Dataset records
--- START ---

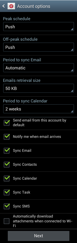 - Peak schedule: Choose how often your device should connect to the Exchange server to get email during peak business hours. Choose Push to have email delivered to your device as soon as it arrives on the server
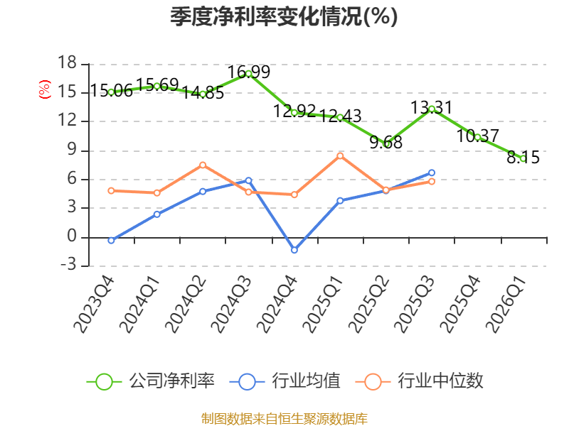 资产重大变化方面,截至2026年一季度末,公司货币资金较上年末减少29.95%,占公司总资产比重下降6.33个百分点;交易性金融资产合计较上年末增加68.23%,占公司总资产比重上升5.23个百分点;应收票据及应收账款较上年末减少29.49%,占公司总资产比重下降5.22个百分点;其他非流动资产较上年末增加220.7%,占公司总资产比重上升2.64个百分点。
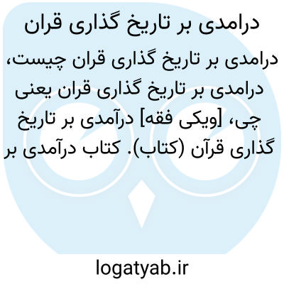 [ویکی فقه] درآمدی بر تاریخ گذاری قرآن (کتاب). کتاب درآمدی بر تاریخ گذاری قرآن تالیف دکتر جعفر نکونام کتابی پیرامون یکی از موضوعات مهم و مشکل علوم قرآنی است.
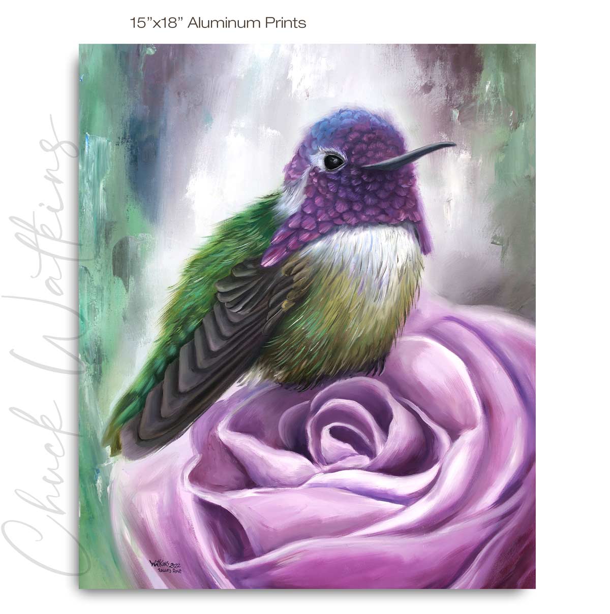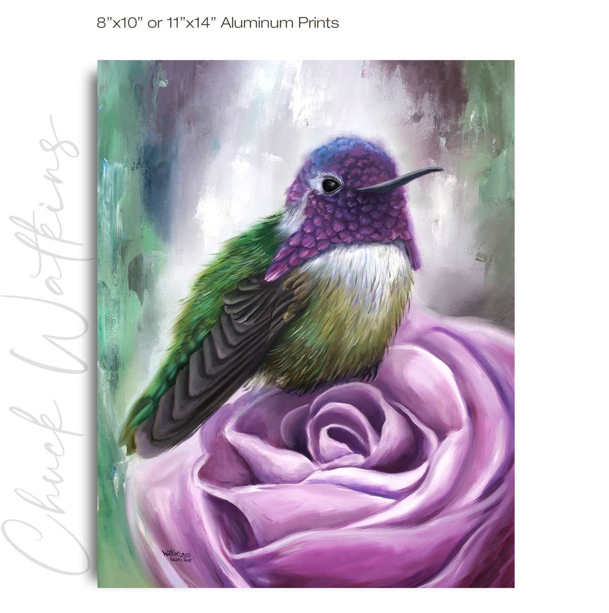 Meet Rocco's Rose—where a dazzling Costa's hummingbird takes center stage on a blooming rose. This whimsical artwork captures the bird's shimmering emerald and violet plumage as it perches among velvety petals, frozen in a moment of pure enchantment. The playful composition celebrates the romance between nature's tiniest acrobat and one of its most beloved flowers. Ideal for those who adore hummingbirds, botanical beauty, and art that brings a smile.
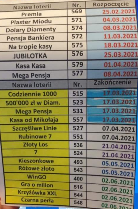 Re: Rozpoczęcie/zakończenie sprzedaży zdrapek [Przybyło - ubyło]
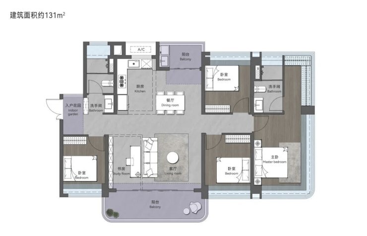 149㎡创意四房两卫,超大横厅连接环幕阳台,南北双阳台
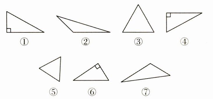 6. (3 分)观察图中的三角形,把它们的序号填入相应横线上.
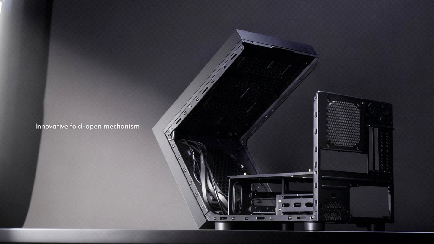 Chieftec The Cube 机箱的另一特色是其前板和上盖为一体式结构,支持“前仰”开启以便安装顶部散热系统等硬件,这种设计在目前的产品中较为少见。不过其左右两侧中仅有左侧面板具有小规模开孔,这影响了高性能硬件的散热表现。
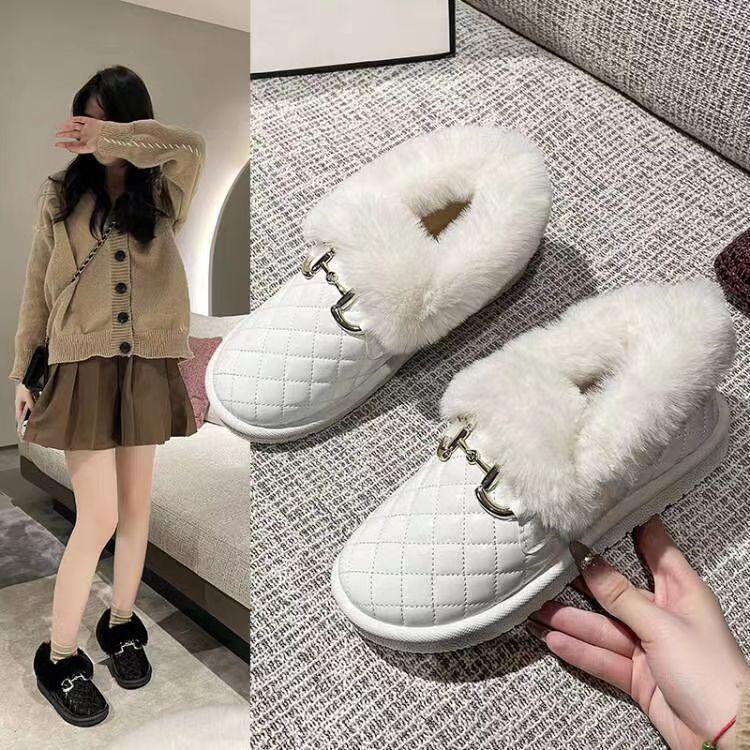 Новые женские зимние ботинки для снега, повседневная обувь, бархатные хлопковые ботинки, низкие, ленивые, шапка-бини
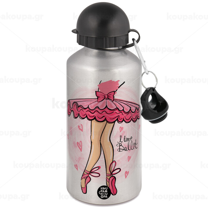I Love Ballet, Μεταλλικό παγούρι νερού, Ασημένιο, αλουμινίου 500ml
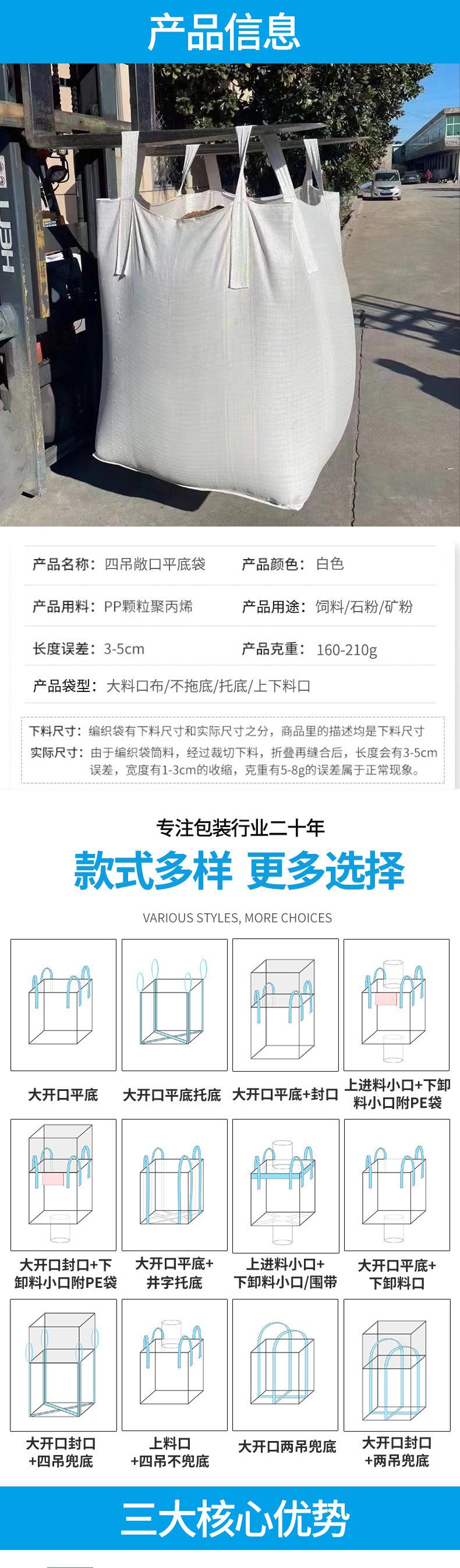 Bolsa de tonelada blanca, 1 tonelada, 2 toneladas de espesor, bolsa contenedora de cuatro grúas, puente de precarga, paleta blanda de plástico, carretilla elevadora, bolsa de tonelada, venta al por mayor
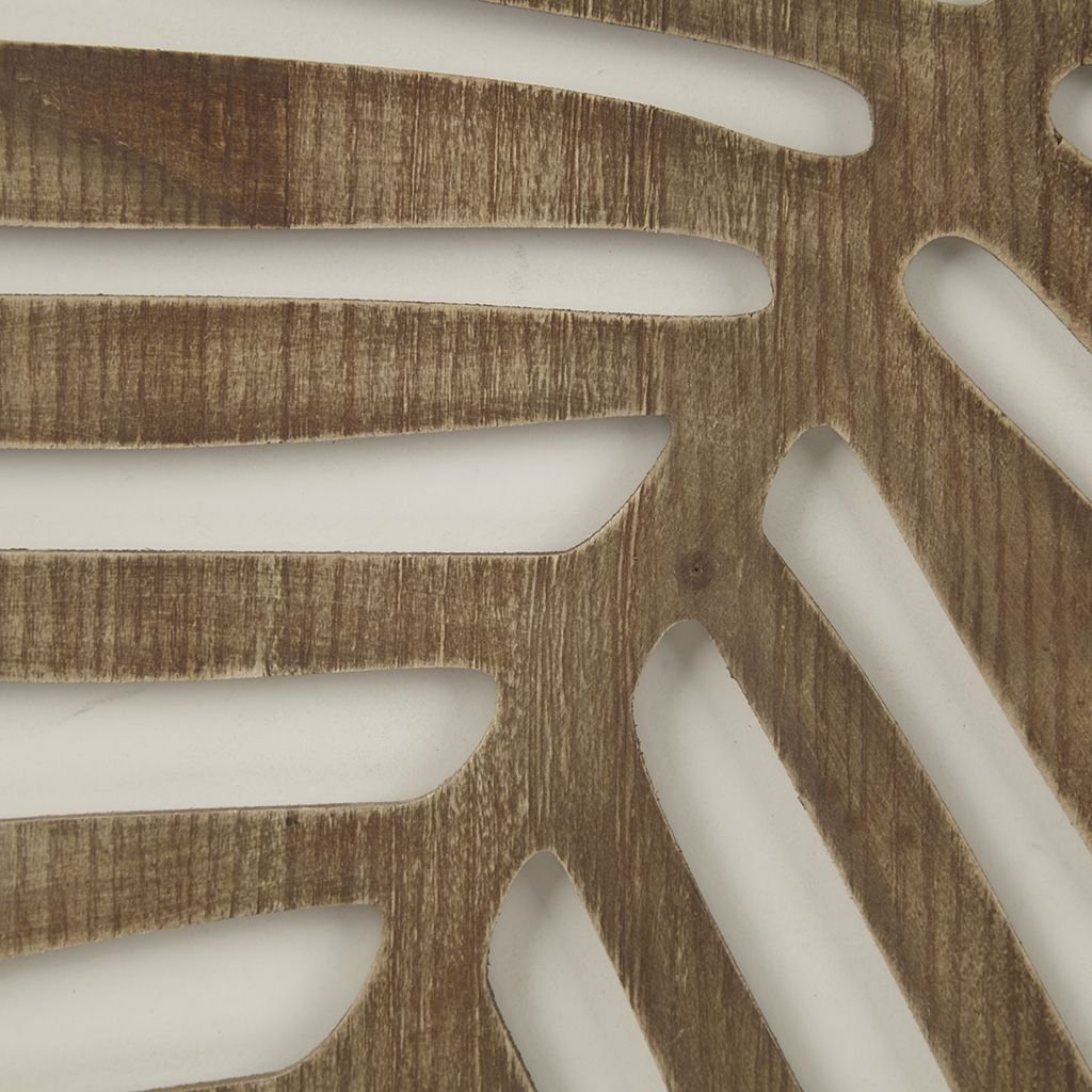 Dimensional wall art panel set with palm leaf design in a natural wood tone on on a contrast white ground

--- END ---

# [Work order]
Retype the records above exactly, starting at the line that contains "Новые женские зимние" and going through the last line, and leave out any pictures.

# [Answer area]
 Новые женские зимние ботинки для снега, повседневная обувь, бархатные хлопковые ботинки, низкие, ленивые, шапка-бини
I Love Ballet, Μεταλλικό παγούρι νερού, Ασημένιο, αλουμινίου 500ml
 Bolsa de tonelada blanca, 1 tonelada, 2 toneladas de espesor, bolsa contenedora de cuatro grúas, puente de precarga, paleta blanda de plástico, carretilla elevadora, bolsa de tonelada, venta al por mayor
 Dimensional wall art panel set with palm leaf design in a natural wood tone on on a contrast white ground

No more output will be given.